This topic describes how to use PyTorch Profiler to identify the performance bottlenecks of a PyTorch model, use NVIDIA TensorRT to optimize the model, and then use Triton Inference Server to deploy the optimized model. In this topic, a PyTorch ResNet-50 model is used.

Background information

NVIDIA TensorRT is an SDK that is used to accelerate model inference for deep learning tasks. NVIDIA TensorRT includes deep learning inference optimizers and runtimes that reduce inference latencies and improve the throughput. Triton Inference Server is an open source model inference framework provided by NVIDIA. Triton Inference Server supports mainstream machine learning frameworks, such as PyTorch, TensorFlow, NVIDIA TensorRT, and ONNX.

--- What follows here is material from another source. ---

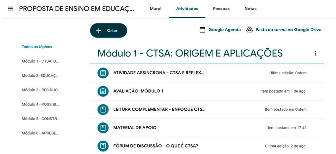
Figura 3 - Organização das atividades: 1º Módulo 1 do curso

Na Plataforma de ensino e aprendizagem Google Classroom foram organizados os módulos com as atividades assíncronas, materiais de apoio, leituras complementares e fóruns de discussão, a fim de orientar o processo formativo e tornar mais dinâmica a interação entre o grupo.

Typically, deep learning models are evaluated and optimized after the models are trained. This allows you to reduce the inference latency and throughput before you release the model. These optimizations reduce the amount of GPU memory required by the model and enable GPU sharing to improve GPU utilization.

In this topic, a PyTorch ResNet-50 model is trained to recognize the following figure dog.jpg. PyTorch Profiler is used to identify the performance bottlenecks of the PyTorch ResNet-50 model. NVIDIA TensorRT is used to optimize the model. Triton Inference Server is used to deploy the optimized model. dog

Prerequisites

Step 1: Use PyTorch Profiler to identify the performance bottlenecks of a PyTorch ResNet-50 model

PyTorch 1.8.1 and later versions provide PyTorch Profiler to identify the performance bottlenecks of a model during training and inference. PyTorch Profiler can work with TensorBoard, which visualizes the analytical report of PyTorch Profiler.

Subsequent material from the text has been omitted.